Sie verrückte den Kopf ein wenig auf dem Kopfkissen, und die Luftmatratze bebte.
»Nicht bewegen!«, zischte Rocky. »Nicht einen Millimeter, okay?«
»Okay, okay.« Sie lächelte im Dunkeln. »Schnarch du nur nicht.«
»Ich schnarche nie. Wie ist es mit dir?«
»Liebe Güte, nein.«
»Gut. Gute Nacht, Phoebe.«
»Nacht.«
Es war im Grunde erstaunlich gemütlich, dachte sie schläfrig. Nach den ungewöhnlichen Ereignissen der Nacht warm
und kuschelig im Dunkel des Gemeindesaals zu liegen: Von draußen hörte sie das unablässige schreckliche Heulen des Windes, unterbrochen von gelegentlich aufheulenden Böen, die an den Fenstern klapperten und durch die Dachbalken pfiffen. Und dann war da der Regen, der nach wie vor in Sturzbächen vom Himmel strömte, gegen die Fenster klatschte und auf das Dach trommelte.
Phoebe öffnete ein Auge. Reihen provisorischer Betten erstreckten sich auf beiden Seiten des Saales. Die meisten Leute schliefen inzwischen oder versuchten es zumindest. Manche saßen aufrecht und unterhielten sich leise, andere starrten bloß vor sich hin, schlichtweg zu übermüdet oder überreizt, um zu schlafen. Die Luft war warm, und feuchte Kleider trockneten auf den Heizkörpern. Und die wunderbaren Damen des WRVS waren noch immer im Dienst, kochten noch immer leise Tee und Kaffee und versorgten die erschöpft durch die Tür stapfenden Feuerwehrleute, Polizisten und Helfer der Umweltbehörde mit Verpflegung.
Sie fühlte sich sicher und geborgen wie in ihrer Kindheit, wenn sie in beängstigenden Gewitternächten in ihr Bett gekuschelt gehört hatte, wie ihre Eltern im Erdgeschoss unbekümmert über irgendetwas im Fernsehen lachten, und sie wusste, dass ihre Welt in Ordnung war.
Und hier lag sie nun mit Rocky im Bett. Nun, auf einer Luftmatratze. Sie lächelte erneut ins Dunkel und schloss die Augen, in dem Bewusstsein, dass sie nie im Leben auch nur eine Sekunde lang würde schlafen können.
»Alles aufwachen!«, flötete Elegant-Beige, und der Klang ihrer Stimme drang in Phoebes schlaftrunkenes Gehirn. »Raus aus den Federn! Es ist halb acht. Zum Frühstück gibt es Tee, Kaffee, Rührei mit Speck, Toast und Marmelade. Bildet eine
ordentliche Schlange vor den Waschräumen – wir haben Notfallpäckchen mit Seife und Zahnpasta -, und dann stellt ihr euch auf dieser Seite des Wasserkochers an, wo Irene euch das Frühstück serviert.«
Unter Gähnen, Kratzen, Ächzen und Räkeln erwachte der Saal allmählich zum Leben.

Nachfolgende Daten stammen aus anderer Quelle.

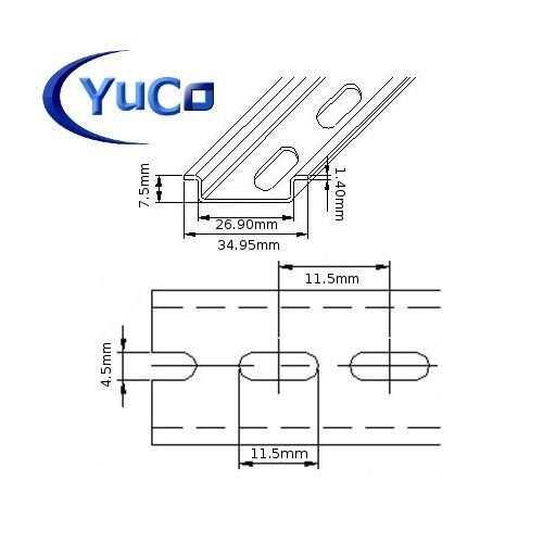 -. Title : YC-DR-16 YuCo FACTORY CUT 16" INCHES (16"=406.40mm) STEEL DIN RAIL 35 X 7.5mm SLOTED PR0055 ASI
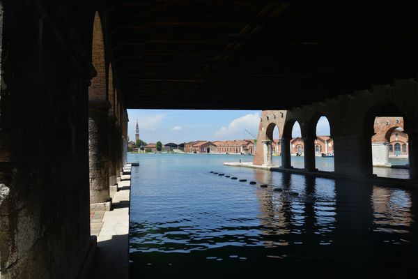 中場休息,戶外有以前威尼斯的修船塢,景色美的冒泡,室外景觀雕塑令人流連。
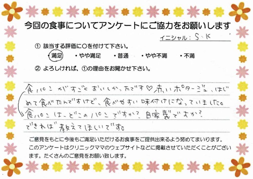 パンが大好きなので、ふわふわの食パンが食べられて嬉しかったです。産後ハイ状態でほとんど眠れなかったのですが、朝食を食べて元気が出ました♡ 苦手な野菜もおいしく食べられました。ありがとうございました。
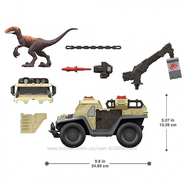 Приготовьтесь к острым ощущениям и приключениям с грузовиком в стиле Мира Юрского периода. Этот внедорожник с катящимися колесами создан для того, чтобы ловить динозавров на свободе. Автомобиль оснащен бластером и дротиком с транквилизатором, поворотным краном для подъема динозавров и плоской платформой для транспортировки. Эластичные цепи на спине фиксируют пойманное животное. Но Динозавры могут дать отпор и уничтожить части машины.Сканируйте скрытый код отслеживания в бесплатном приложении Jurassic World Facts с помощью совместимого смарт-устройства для разблокировки игр и впечатлений с дополненной реальностью.

Phoebe schlug die Augen auf. Es war heller Tag, und sie hatte höchstens drei Minuten lang geschlafen.
»Du schnarchst«, sagte Rocky direkt in ihr Ohr, »aber nur ein bisschen und ganz mädchenhaft. Klingt mehr wie ein sanftes Schnauben.«
Oh mein Gott. Sie hatte die Nacht mit Rocky Lancaster verbracht!

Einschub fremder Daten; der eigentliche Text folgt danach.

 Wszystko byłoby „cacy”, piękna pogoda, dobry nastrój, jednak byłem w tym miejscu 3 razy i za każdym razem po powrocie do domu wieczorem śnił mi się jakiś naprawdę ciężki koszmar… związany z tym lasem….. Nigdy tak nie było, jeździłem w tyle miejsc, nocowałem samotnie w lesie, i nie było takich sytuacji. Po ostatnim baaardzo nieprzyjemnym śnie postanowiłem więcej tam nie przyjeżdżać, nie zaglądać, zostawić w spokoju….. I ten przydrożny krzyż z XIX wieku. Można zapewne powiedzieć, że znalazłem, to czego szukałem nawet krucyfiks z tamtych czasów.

Ruckartig setzte sie sich auf, sodass sie beide von der Luftmatratze purzelten.
»Hi!« Er grinste sie an. »Himmel, siehst du morgens aber zerknittert aus.«
»Danke, gleichfalls.« Was jedoch nicht stimmte. Zerzaust und unrasiert sah er fantastisch aus. Rasch fuhr sie sich mit den Fingern durchs Haar und wischte eventuell verschmierte Wimperntusche hoffentlich fort. »Ooh, ich brauche Kaffee und ein Klo und Zahnpasta – aber nicht unbedingt in dieser Reihenfolge.«
»Ich auch, aber es scheint, als müssten wir um diese Privilegien mit Heerscharen von Rentnern kämpfen.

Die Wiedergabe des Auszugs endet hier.